**RECORDS SHOWN**
▶

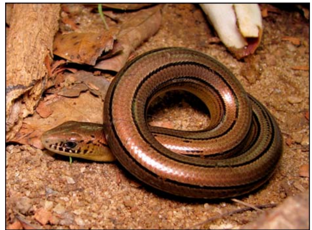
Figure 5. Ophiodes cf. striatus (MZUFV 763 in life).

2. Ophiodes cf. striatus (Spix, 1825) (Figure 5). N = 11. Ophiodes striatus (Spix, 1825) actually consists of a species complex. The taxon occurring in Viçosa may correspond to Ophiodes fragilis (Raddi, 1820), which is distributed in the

◀
▶

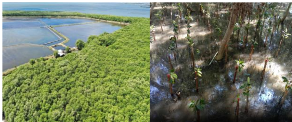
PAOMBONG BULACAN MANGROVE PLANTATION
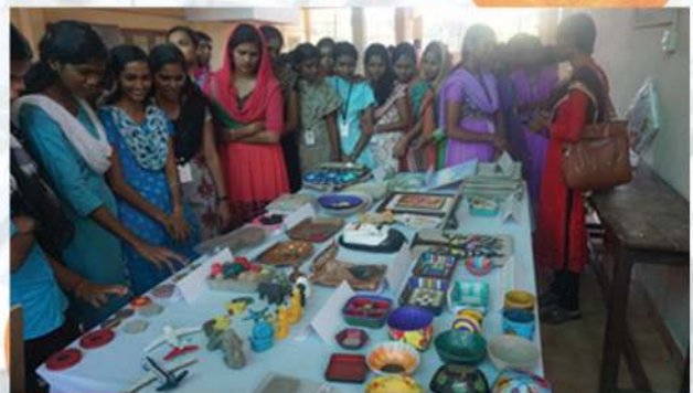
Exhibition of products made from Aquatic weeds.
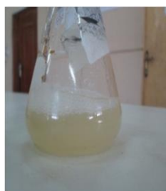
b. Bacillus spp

◀
▶

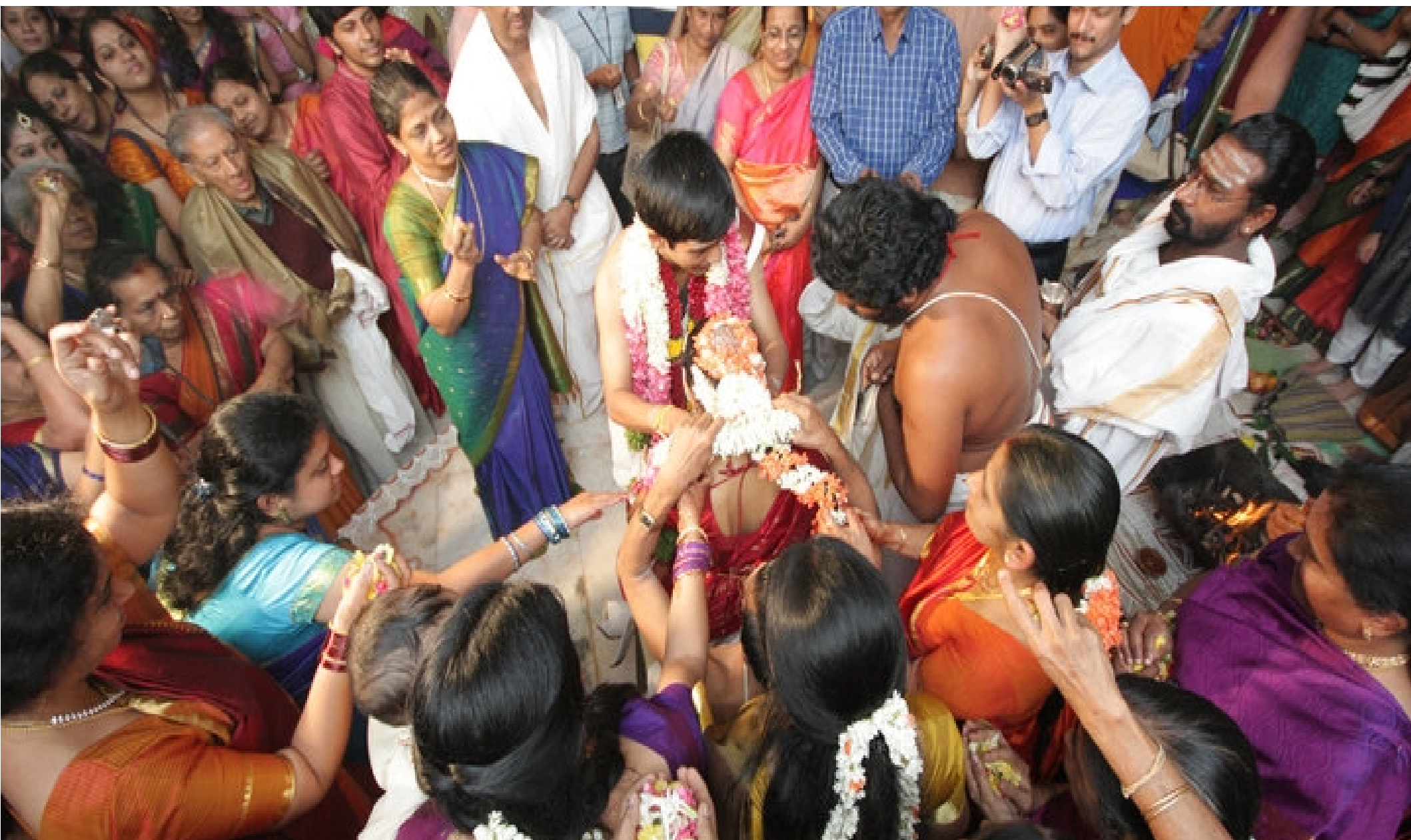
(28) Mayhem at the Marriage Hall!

◀

**EXERCISE BRIEF**
Write out the lines above from the one with "Exhibition of products" through the one with "b. Bacillus spp", ends included, exactly; no picture goes in.

**ANSWER SPACE**
Exhibition of products made from Aquatic weeds.
b. Bacillus spp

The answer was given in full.